** Data excerpt **

== Segment start ==

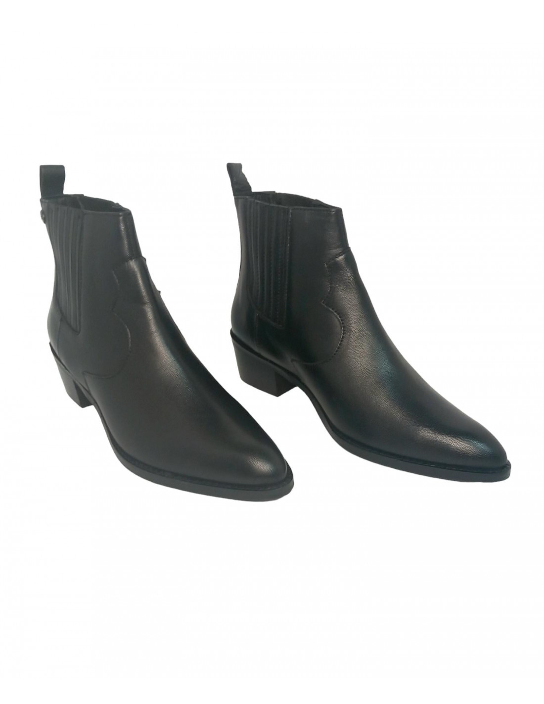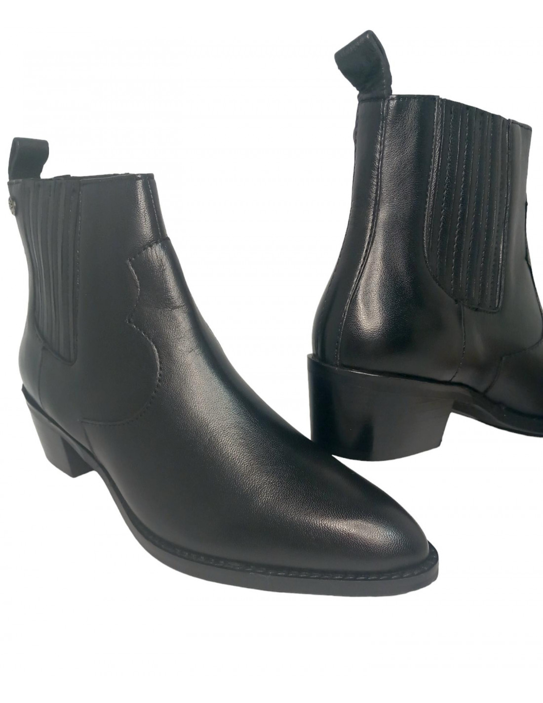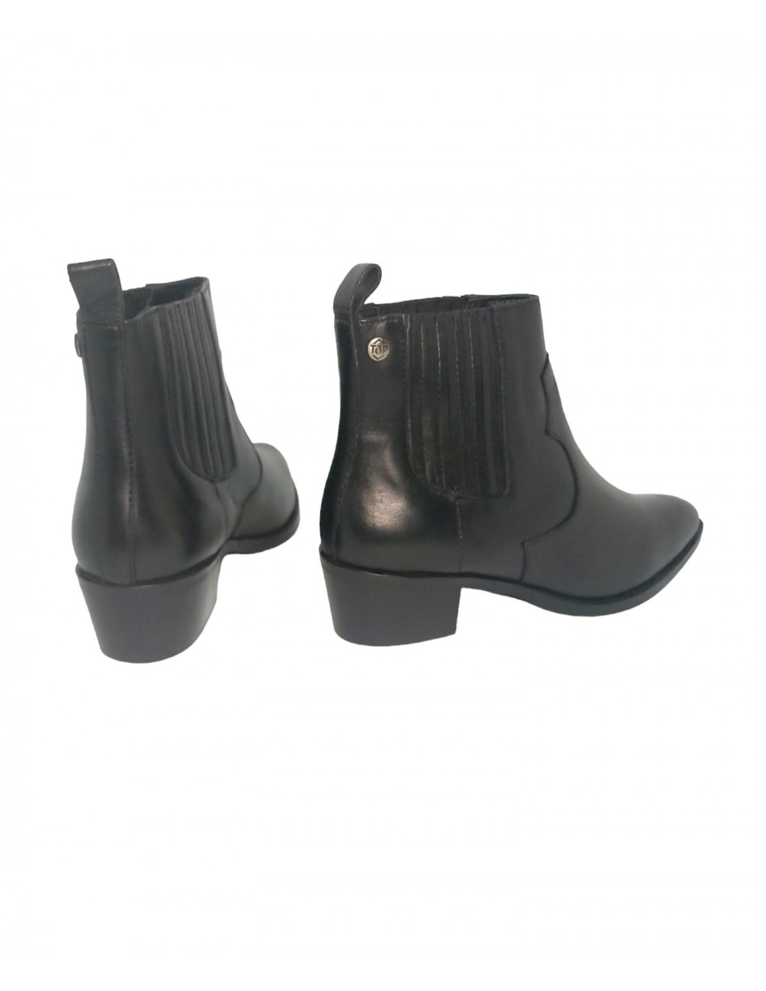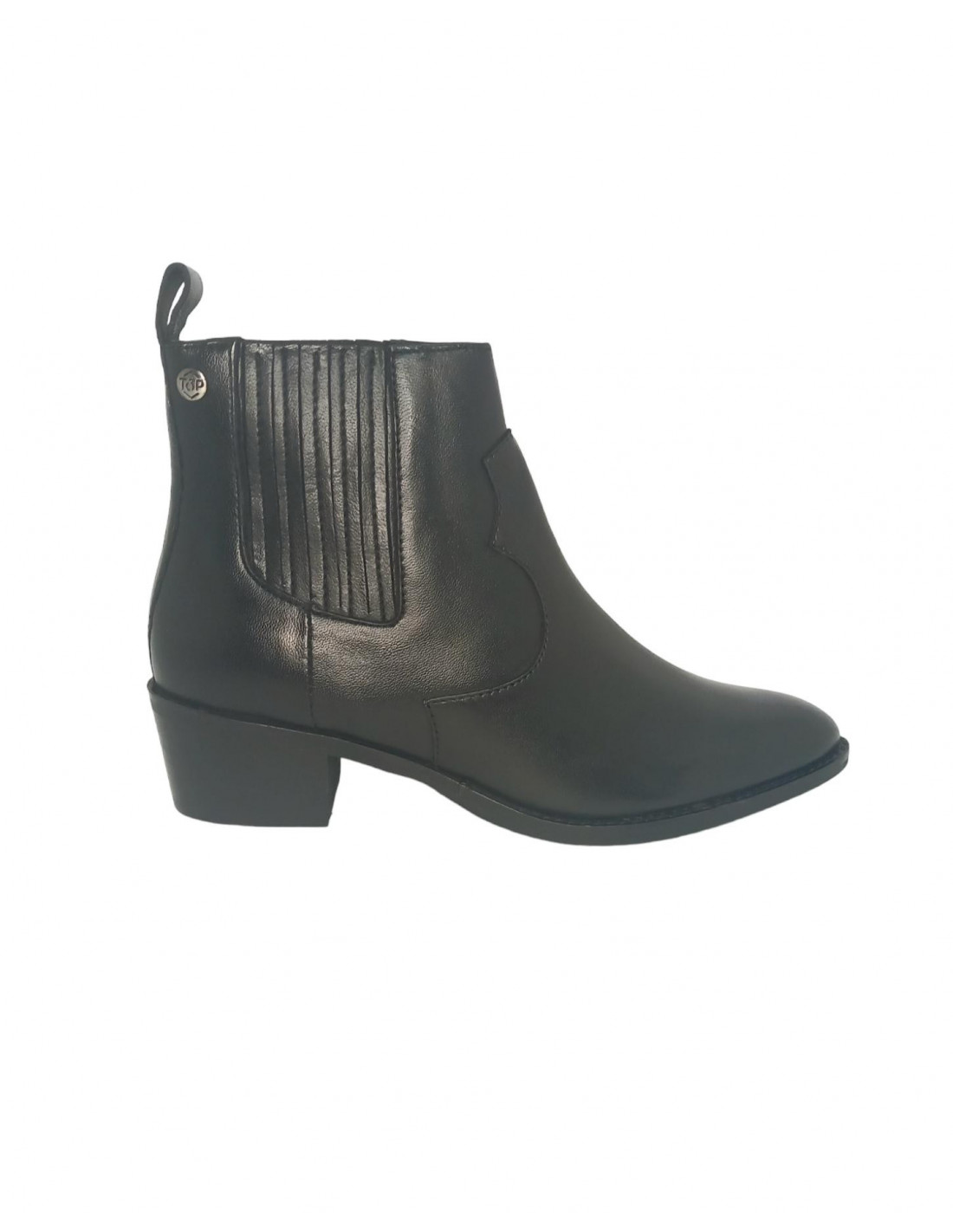 Botín tipo campero en piel de primera calidad 100%, en color negro, forro interior en textil y plantilla en piel. Este modelo viene con fuelles laterales y tirador trasero para un buen calce, un top esta temporada, cómodo y super combinable, con tacón ancho de 4,5 cm y caña de 11,5 cm.
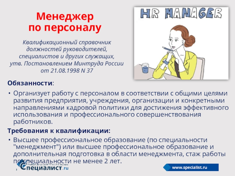 Квалификационный справочник должностей руководителей, специалистов и других служащих,
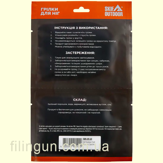 Skif Outdoor Foot Warmer – це зручний та ефективний засіб для підтримки тепла ваших ніг у холодні дні. Ця хімічна грілка є компактним пакетом, який активується при контакті з повітрям, надаючи тривале і приємне тепло. У кожному комплекті є дві грілки для ніг. Основні характеристики грілки для ніг Skif Outdoor Foot Warmer: Простота використання. Skif Outdoor Foot Warmer не вимагає додаткових пристроїв або джерел енергії. Просто розпакуйте грілку, активуйте її та помістіть у взуття для швидкого зігрівання ніг. Максимальна температура нагрівання сягає 53 °C. Тривале тепло. Ця грілка забезпечує тривалий час підтримки тепла, що особливо важливо у зимових умовах. Грелки Skif Outdoor Foot Warmer гарантують вашим ногам тепло та комфорт протягом приблизно 8 годин. Вона ідеально підходить для використання під час активних занять на відкритому повітрі, таких як лижі, снігоступінг чи просто прогулянки. Компактний розмір. Skif Outdoor Foot Warmer легко поміщається в кишеню, сумку або рюкзак, що робить її зручною для перенесення. Це чудове рішення для тих, хто часто перебуває в дорозі. Безпека. Грілка безпечна у використанні та не містить шкідливих хімічних речовин. Склад включає лише натуральні компоненти: залізний порошок, вода, вермикуліт, активоване вугілля та сіль. Її можна використовувати як дорослими, і дітьми. Skif Outdoor Foot Warmer - відмінне рішення для тих, хто цінує комфорт та тепло в холодні дні. Легка у використанні, компактна та ефективна, цей продукт стане надійним супутником у будь-якій зимовій поїздці. Не забувайте купити грілку для ніг Skif Outdoor Foot Warmer для приємного та теплого відпочинку на свіжому повітрі.

== Segment end ==

** What the task asks **
Please produce an exact copy of the listing, omitting the pictures.

** Final answer **
 Botín tipo campero en piel de primera calidad 100%, en color negro, forro interior en textil y plantilla en piel. Este modelo viene con fuelles laterales y tirador trasero para un buen calce, un top esta temporada, cómodo y super combinable, con tacón ancho de 4,5 cm y caña de 11,5 cm.
 Квалификационный справочник должностей руководителей, специалистов и других служащих,
 Skif Outdoor Foot Warmer – це зручний та ефективний засіб для підтримки тепла ваших ніг у холодні дні. Ця хімічна грілка є компактним пакетом, який активується при контакті з повітрям, надаючи тривале і приємне тепло. У кожному комплекті є дві грілки для ніг. Основні характеристики грілки для ніг Skif Outdoor Foot Warmer: Простота використання. Skif Outdoor Foot Warmer не вимагає додаткових пристроїв або джерел енергії. Просто розпакуйте грілку, активуйте її та помістіть у взуття для швидкого зігрівання ніг. Максимальна температура нагрівання сягає 53 °C. Тривале тепло. Ця грілка забезпечує тривалий час підтримки тепла, що особливо важливо у зимових умовах. Грелки Skif Outdoor Foot Warmer гарантують вашим ногам тепло та комфорт протягом приблизно 8 годин. Вона ідеально підходить для використання під час активних занять на відкритому повітрі, таких як лижі, снігоступінг чи просто прогулянки. Компактний розмір. Skif Outdoor Foot Warmer легко поміщається в кишеню, сумку або рюкзак, що робить її зручною для перенесення. Це чудове рішення для тих, хто часто перебуває в дорозі. Безпека. Грілка безпечна у використанні та не містить шкідливих хімічних речовин. Склад включає лише натуральні компоненти: залізний порошок, вода, вермикуліт, активоване вугілля та сіль. Її можна використовувати як дорослими, і дітьми. Skif Outdoor Foot Warmer - відмінне рішення для тих, хто цінує комфорт та тепло в холодні дні. Легка у використанні, компактна та ефективна, цей продукт стане надійним супутником у будь-якій зимовій поїздці. Не забувайте купити грілку для ніг Skif Outdoor Foot Warmer для приємного та теплого відпочинку на свіжому повітрі.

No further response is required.